Blaise Cendrars
In 1924, the
Swiss author and adventurer Blaise Cendrars boarded an ocean liner bound for
Brazil. An early exponent of Modernism, Cendrars wrote his poems as postcards,
telegrams or fleeting blog posts (one is tempted to anachronistically add). When
I came across Feuilles de route among the library shelves, it spoke to me
immediately, perhaps because of the ship taking him to Rio and then São Paulo, but
mostly because of my own enduring fascination with movement.
Speaking of
journeys, the kids and I spent the better part of the afternoon watching Project Hail Mary.

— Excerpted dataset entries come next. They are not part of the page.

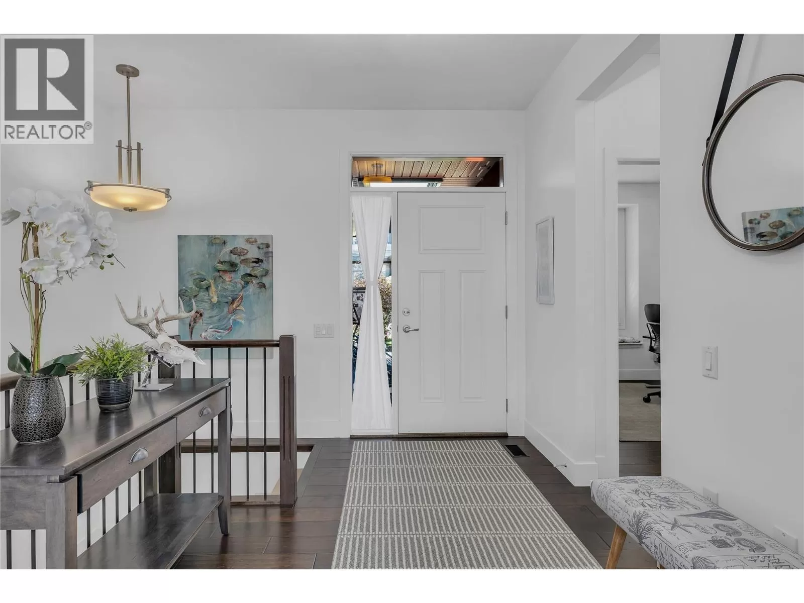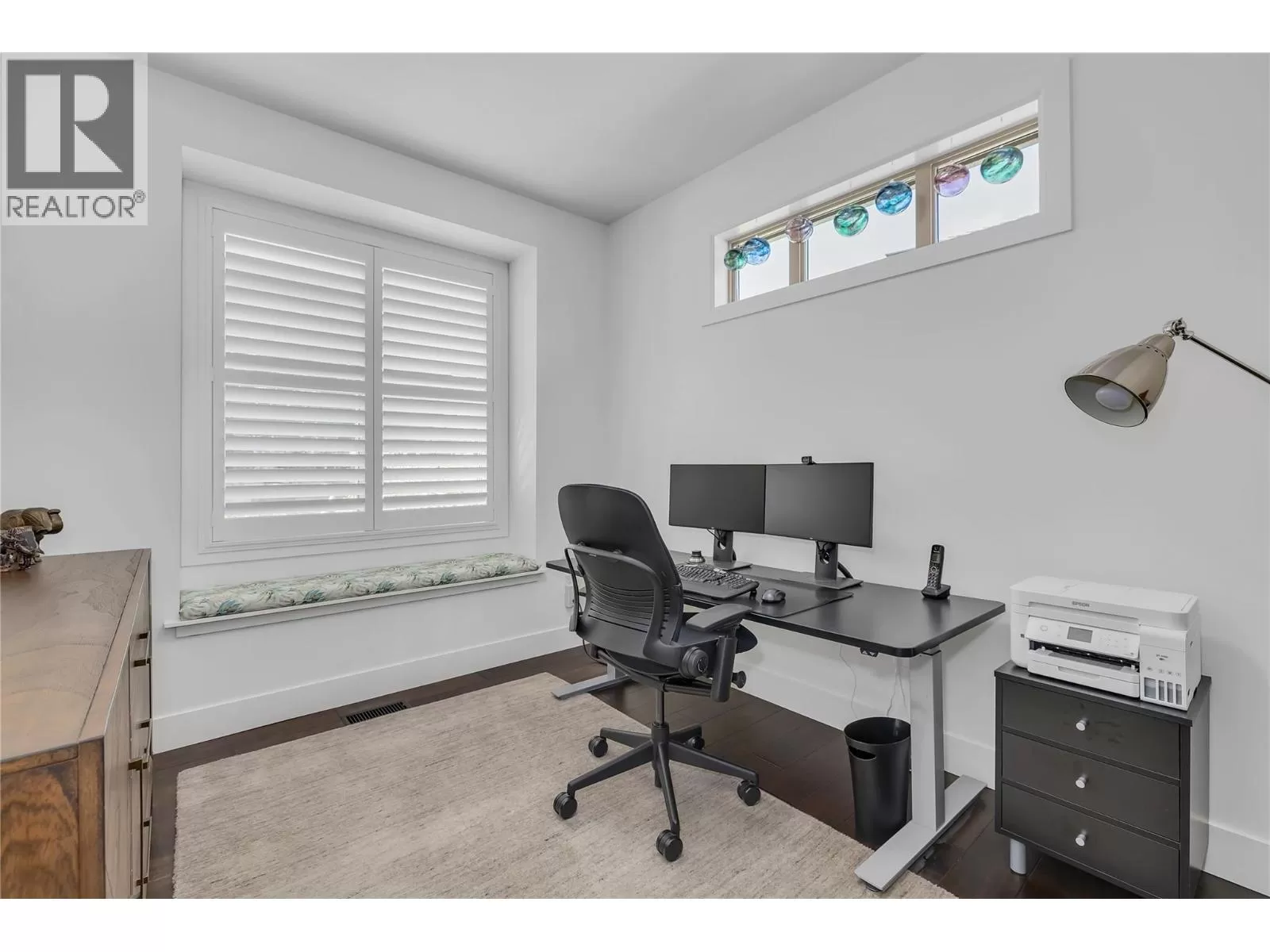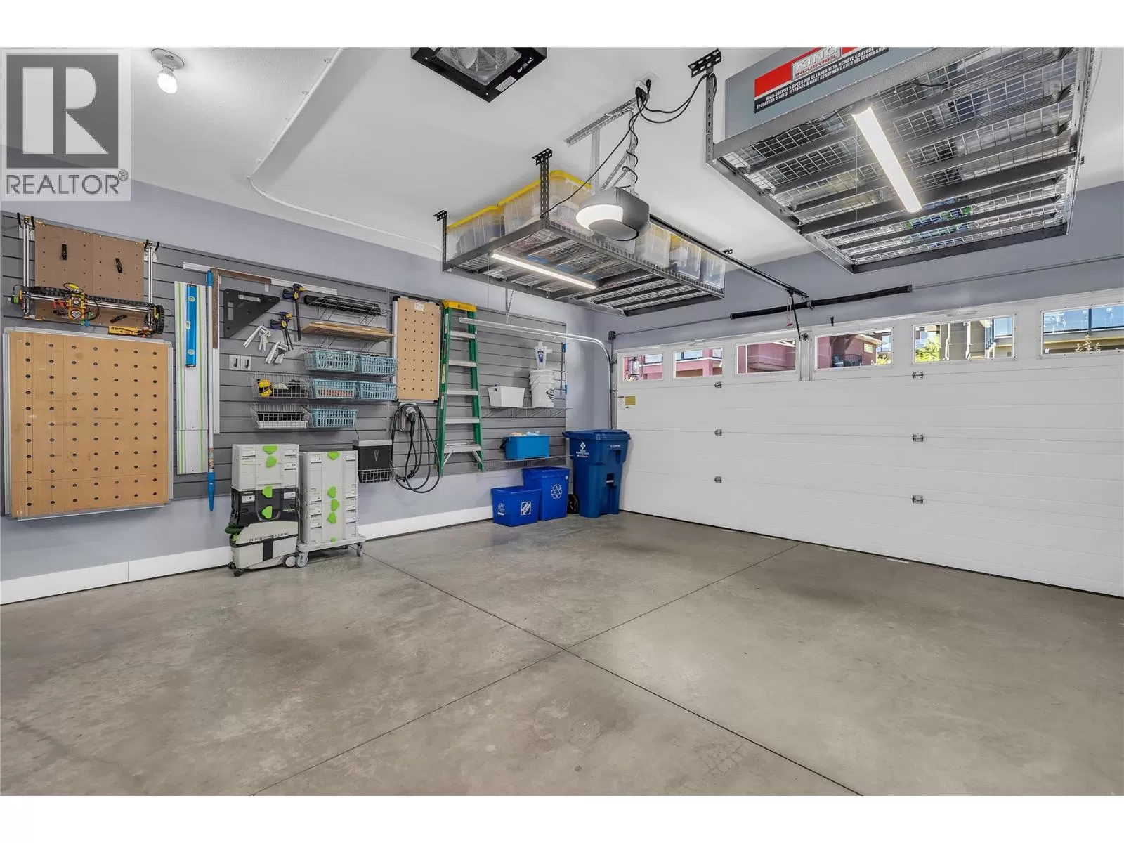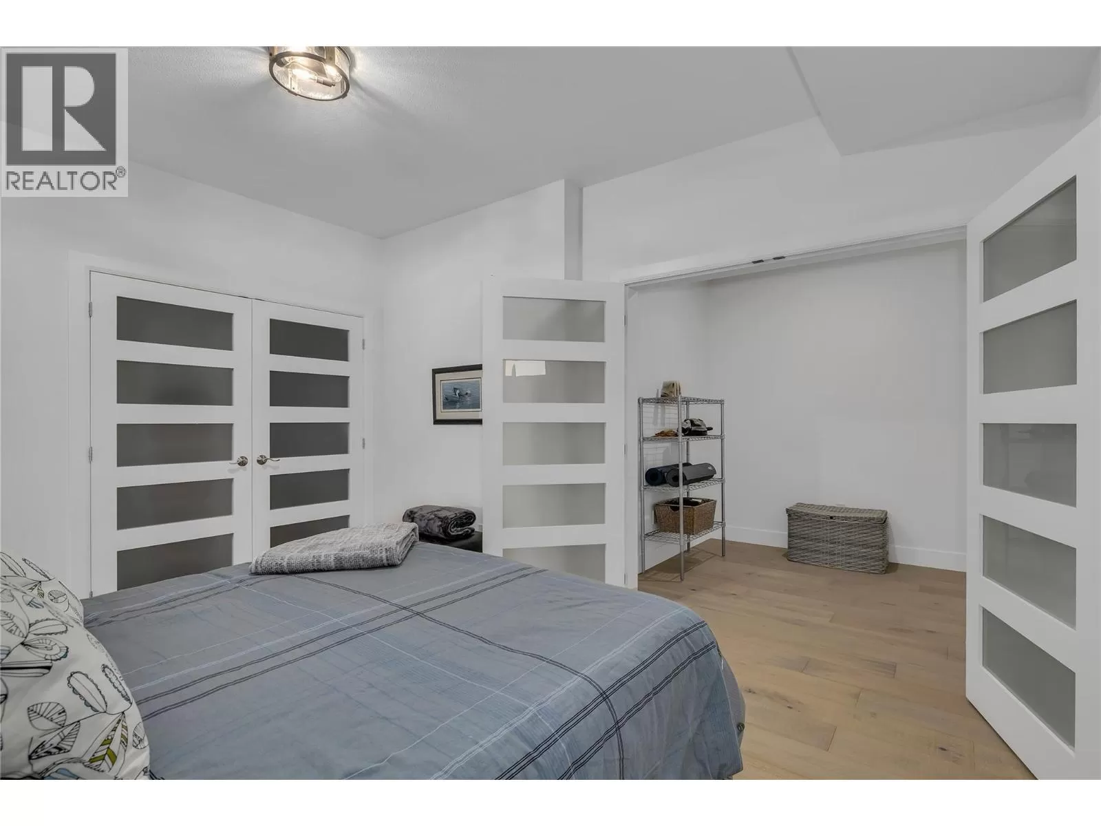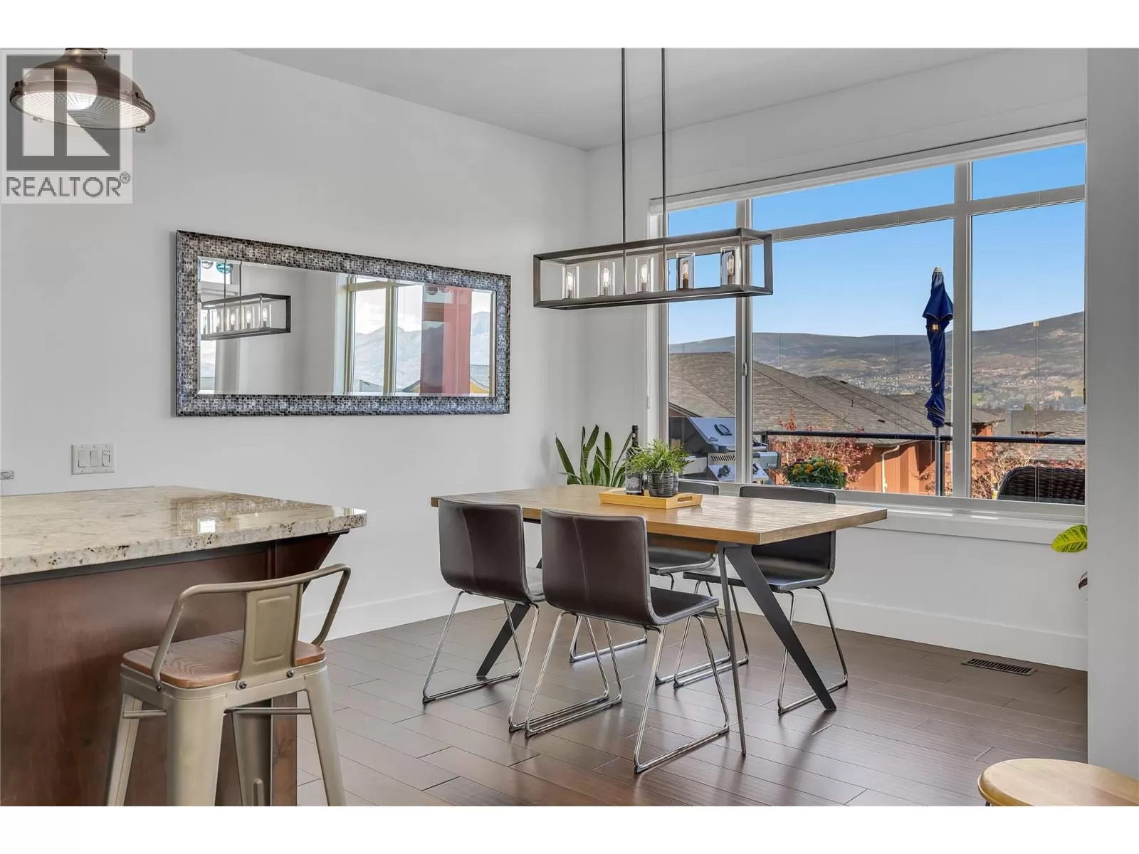 Location and lifestyleâthis home truly has it all! Nestled in the highly desirable community of Sonoma Pines, this stunning walkout rancher with partial lake views offers both comfort and convenience. The open Mojave plan features a spacious kitchen with a large center island, sit-up bar, updated lighting, walk-in pantry, and newer stainless steel appliances. An elegant stone fireplace & engineered hardwood floors grace the main living space, filled with natural light from a wall of windows showcasing picturesque views. Wake up with coffee or unwind with a glass of wine on the extended deck with glass railings, ceiling fan, and gas hook-up. The primary bedroom boasts a luxurious 5-piece ensuite with dual vanities, WI shower, & spacious WI closet. A versatile second bedroom/den, full bath, and laundry with new washer and dryer complete the main level. The recently renovated lower level features a large family room with beautiful engineered flooring, a stylish feature bar with two wine fridges, two additional bedrooms, full bath, & ample storage. Step outside to a private backyard with a cedar arbor,Perfect for relaxing or entertaining. The heated double garage includes an EV charger and Pro Slat Wall system for organization. Sonoma Pines offers amenities including a clubhouse, gym, library, billiard room, and a social room with rentable full kitchen. Secure RV parking is also available. Located close to Two Eagles Golf, wineries, shopping & LAKE. No PTT or speculation tax. (id:27476)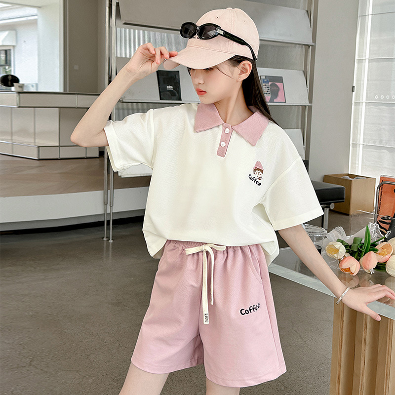 여자 2024 새로운 여름 폴로 새로운 소매 반바지 세트 공주 스타일 여름 유행 캐주얼 스포츠 투피스 세트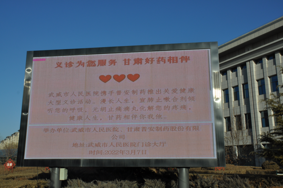 3月7日,普安制藥一行七人前往武威市人民醫院開展“慶三·八,關愛婦女”慰問活動,并聯合武威市人民醫院開展“相約三月 關愛健康”義診活動,為全市人民送醫送藥送健康。向奮戰在抗“疫”一線及醫院各科室女醫護人員致以節日的問候和誠摯的祝福!并借助此次活動向醫務工作者及廣大市民宣傳、推介了宣肺止嗽合劑及元胡止痛滴丸。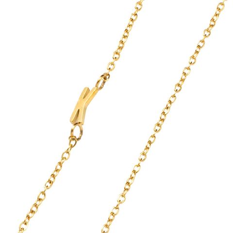 さりげなくイニシャルが煌くステンレス製ネックレス。華奢なあずきチェーンと控えめサイズのモチーフで洗練された印象に導くスキンジュエリーです。主張しすぎないデザインで重ねづけ用やプレゼントにもオススメ◎錆びにくいステンレス製でデイリーに活躍しそう。

After years of very different people recommending the book to me, I was at least happy to
finally watch the film, which, as Isaiah Menning recently pointed out in Breakthrough
Journal, carries a message of technological optimism, humility, and love
quite distinct from the misanthropy that still shapes much of contemporary
environmental discourse.
With the kids calling it an early night, I got a moment alone on the balcony with a glass of Piedmont red. Instead of giving the wooden deck a proper deep clean, this will all be abandoned in a month from now as we are ending our lease and the house is coming up for sale, probably for 15 million SEK or some equally absurd sum. While the rent has been steep, the value of having this calm garden with all the forest trails and swimmable lakes just around the corner has been priceless. Maybe that is why Cendrars resonates tonight, places matter even when they are only temporary stops along the route.